Each channel took about a week of part-time work. Most of that week was reading the vendor's API docs and writing one Drizzle migration. The Inngest functions themselves are around 60 lines each.

What the ops lead does now on Friday at 22:00

Nothing. The on-call channel posts one message at 06:00 Saturday with a summary: how many writes queued, how many pushed, how many retried, how many still pending. The retry-and-pending count for the first three months has been zero. The agency stopped paying overtime for the Monday morning rerun.

The dashboard the founder watches now is a single Drizzle query against the budget_writes table grouped by platform and status. Anything not 'pushed' surfaces in a separate row, with the originating request and the most recent retry error. That single view used to take 20 minutes of context-switching across Zapier task histories and three Google Sheets. It now loads in under a second. The two ops people who had Mondays and Wednesdays blocked for reruns got those days back; both are now working on client-facing reporting instead.

When we built this for the agency, the part we underestimated was the migration from the Google Sheet that finance had been using to reconcile spend against invoices. That sheet had three years of manual fixes baked into it, and the workflow needed to import it cleanly without breaking the Q1 close. We ended up writing a one-off Drizzle migration that ingested the sheet row by row, flagged rows that did not match the API record, and queued them for an accountant to review. That kind of cleanup is part of every process automation project we ship.
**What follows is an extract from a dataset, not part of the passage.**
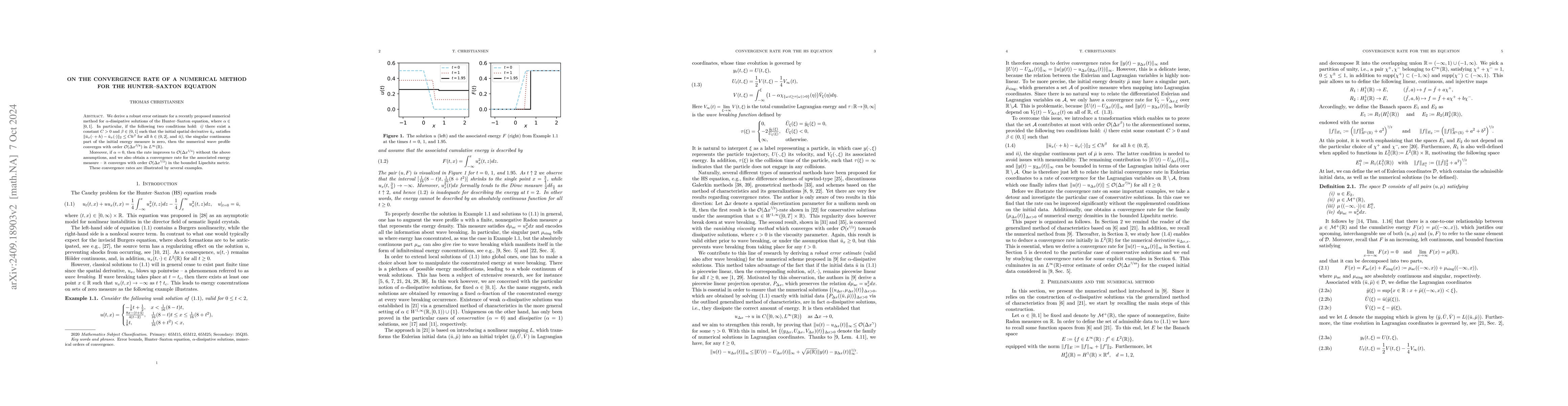 We derive a robust error estimate for a recently proposed numerical method for $\alpha$-dissipative solutions of the Hunter-Saxton equation, where $\alpha \in [0, 1]$. In particular, if the following two conditions hold: i) there exist a constant $C > 0$ and $\beta \in (0, 1]$ such that the initial spatial derivative $\bar{u}_{x}$ satisfies $\|\bar{u}_x(\cdot + h) - \bar{u}_x(\cdot)\|_2 \leq Ch^{\beta}$ for all $h \in (0, 2]$, and ii), the singular continuous part of the initial energy measure is zero, then the numerical wave profile converges with order $O(\Delta x^{\frac{\beta}{8}})$ in $L^{\infty}(\mathbb{R})$. Moreover, if $\alpha=0$, then the rate improves to $O(\Delta x^{\frac{1}{4}})$ without the above assumptions, and we also obtain a convergence rate for the associated energy measure - it converges with order $O(\Delta x^{\frac{1}{2}})$ in the bounded Lipschitz metric. These convergence rates are illustrated by several examples.

The smallest thing you can do today: open your most fragile Zapier zap and list, by hand, every external API call it makes and every place it writes state. If that list crosses three rows, the zap is already past its useful life. Make the list. Then decide.

Key takeaway

Durable execution plus a typed state store beats nine Zapier bots when you need retries, rate-limit handling, and a single ops view across Meta, TikTok, and LinkedIn.

FAQ

Why pick Inngest over Temporal or AWS Step Functions?
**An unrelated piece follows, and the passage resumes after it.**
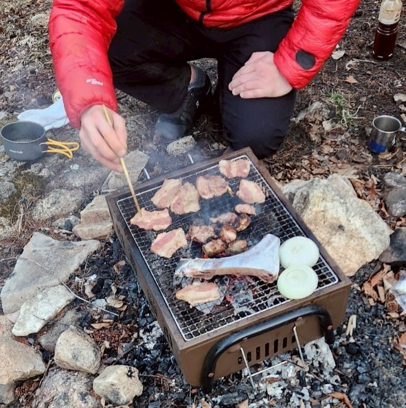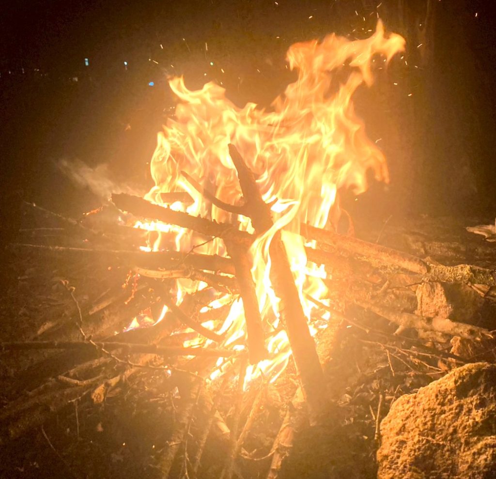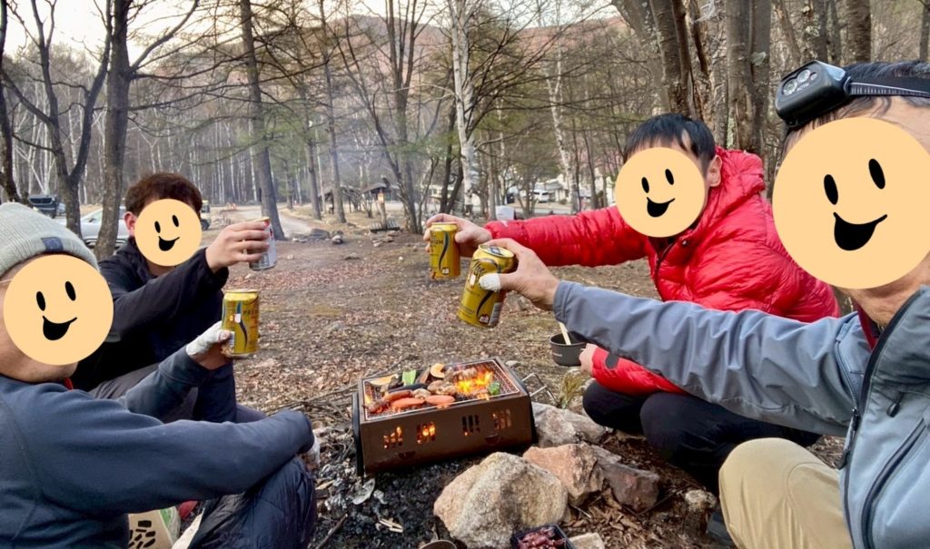 周りのキャンパーに負けじと必死に薪を集め、おそらく我々の焚火の炎が一番大きかったです。大人の本気を見せつけました。

For a non-engineering team, Inngest is the lowest-friction option. The dev server boots in a second, it runs as a hosted service so there is no infrastructure to babysit, and the function code is plain TypeScript.

Can you keep Zapier for the simple parts?

Yes, and you should. Use Zapier for one-step Slack notifications or form-to-spreadsheet flows where retries do not matter. Move only the multi-step flows that touch money or state into Inngest.

How long does a migration like this take?

For a four-channel media-buying stack with around 80 active clients, plan on six to eight weeks of part-time engineering work, plus another two weeks of shadow-mode runs before you cut over fully.

What does this cost monthly compared to nine Zapier paid plans?

The agency saved roughly 200 euros per month on Zapier seats, but the real saving was about twelve hours per week of manual rerun work that no longer happens at all.